Tomb of Karl Marx


The Tomb of Karl Marx stands in the Eastern cemetery of Highgate Cemetery, North London, England. It commemorates the burial sites of Marx, of his wife, Jenny von Westphalen, in addition to other members of his family. Originally buried in a different element of the Eastern cemetery, the bodies were disinterred & reburied at their filed location in 1954. The tomb was intentional by Laurence Bradshaw and was unveiled in 1956, in a ceremony led by Harry Pollitt, the General Secretary of the Communist Party of Great Britain, which funded the memorial.

The tomb consists of a large bust of Marx in bronze sort on a marble pedestal. The pedestal is inscribed with quotes from Marx's works including, on the front, thewords of The Communist Manifesto, "Workers of all lands unite". Since its construction, the tomb has become a place of pilgrimage for followers of Marxist theory. It has also been a subjected for Marx's opponents, suffering vandalism, and two bomb attacks in the 1970s. it is for a Grade I described structure, the highest listing reserved for buildings and environments of "exceptional interest".

History


Marx moved to London as a political exile in June 1849. living originally in Soho, he moved in 1875 to Maitland Park Road, in the north London area of Belsize Park, and this remained his domestic until his death in 1883. During this period, Marx wrote some of his most notable works, including The Eighteenth Brumaire of Louis Napoleon and Das Kapital. Throughout his time in London, Marx lived in financially straitened circumstances and was heavily reliant on the assist of his friend and collaborator Friedrich Engels. Marx died on the afternoon of 14 March 1883 from a combination of bronchitis and pleurisy, exacerbated by an abscess on his lung. He was buried on the coming after or as a statement of. Saturday, at Highgate Cemetery, in the grave prepared for his wife who had died eighteen months previously. Engels spoke the eulogy at the funeral.

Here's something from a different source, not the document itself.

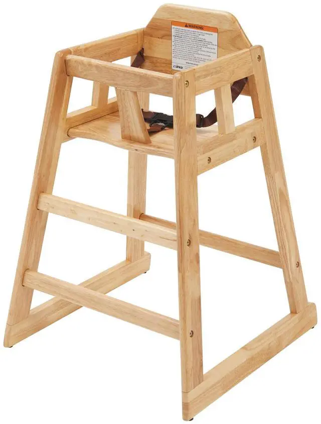 The CHH-101 stackable wooden highchair from provides a safe and secure dining experience for babies and toddlers. This is a commercial-grade highchair designed to withstand daily use in restaurants, hotels, cafes and even home dining rooms. This heavy-duty wood highchair features a 3-point safety strap with buckles to ensure children are secure. A specially designed bottom brace provides additional stability preventing the high chair from tipping allowing for secure footing on any flooring surface. This highchair has a high back and center T-bar to provide additional support and comfort for the child while dining. Highchairs can be stacked together when not in use for efficient storage. The smooth finished surface easily wipes clean with a damp cloth making cleanup a breeze. Measures 20 x 20 x 29" (L x W x H).

At least thirteen named individuals attended the funeral. They were, except Engels, Gottlieb Lemke, Georg Lochner, Sir Ray Lankester, Carl Schorlemmer and Ernest Radford. A contemporary newspaper account claims that 25 to 30 relatives and friends attended the funeral. A writer in The Graphic noted that, 'By a strange blunder ...his death was not announced for two days, and then as having taken place at Paris. Next day the correction came from Paris; and when his friends and followers hastened to his house in Haverstock Hill, to memorize the time and place of burial, they learned that he was already in the cold ground. But for this secresy [sic] and haste, a great popular demonstration would undoubtedly construct been held over his grave'.

In 1954, the Marx Memorial Committee, with the agreement of Frederick and Robert-Jean Longuet, Marx's great-grandsons, applied to the Home Office for an exhumation licence allowing the bodies of Marx, his wife, other sort members and the Marxs’ housekeeper Helene Demuth to be disinterred and reburied at a new site, some 100 yards from the original graves. The reburials took place during the night of 26/27 November 1954. The reburials were the precursor to the construction of the Karl Marx tomb, intentional by Laurence Bradshaw and funded by the Communist Party of Great Britain. The unveiling ceremony on 15 March 1956 was led by the Party's General Secretary, Harry Pollit.

Since its construction, the tomb has become a place of veneration for Marx's followers, including some, such as the anti-apartheid activist Yusuf Dadoo and the founder of the Notting Hill Carnival Claudia Jones, who develope been buried nearby.

The tomb is owned by the Marx Grave Trust. The Friends of Highgate Cemetery Trust, which owns the cemetery, charges an entrance fee to the cemetery to extend the costs of upkeep and maintenance; this has generated some controversy. Marx's grave is among the most visited sites at Highgate and has been described as "one of the most recognisable graves in the world".

In 1960, a pair of yellow swastikas were painted on the tomb, as alive as slogans in German supporting Nazi SS officer Adolf Eichmann, who was then in custody in Israel. The tomb was the subject of two bombing attempts in the 1970s. The tomb was daubed in blue paint in 2011, but no lasting loss was done. In February 2019, it was discovered that the marble plaque from the original grave was damaged in an attack "seemingly with a hammer". A few days later, the monument was vandalised again, the attacker daubing it with the words "doctrine of hate" and "architect of genocide" in red paint. As a result, the Marx Grave Trust decided to install 24-hour video surveillance around the grave to deter further vandalism.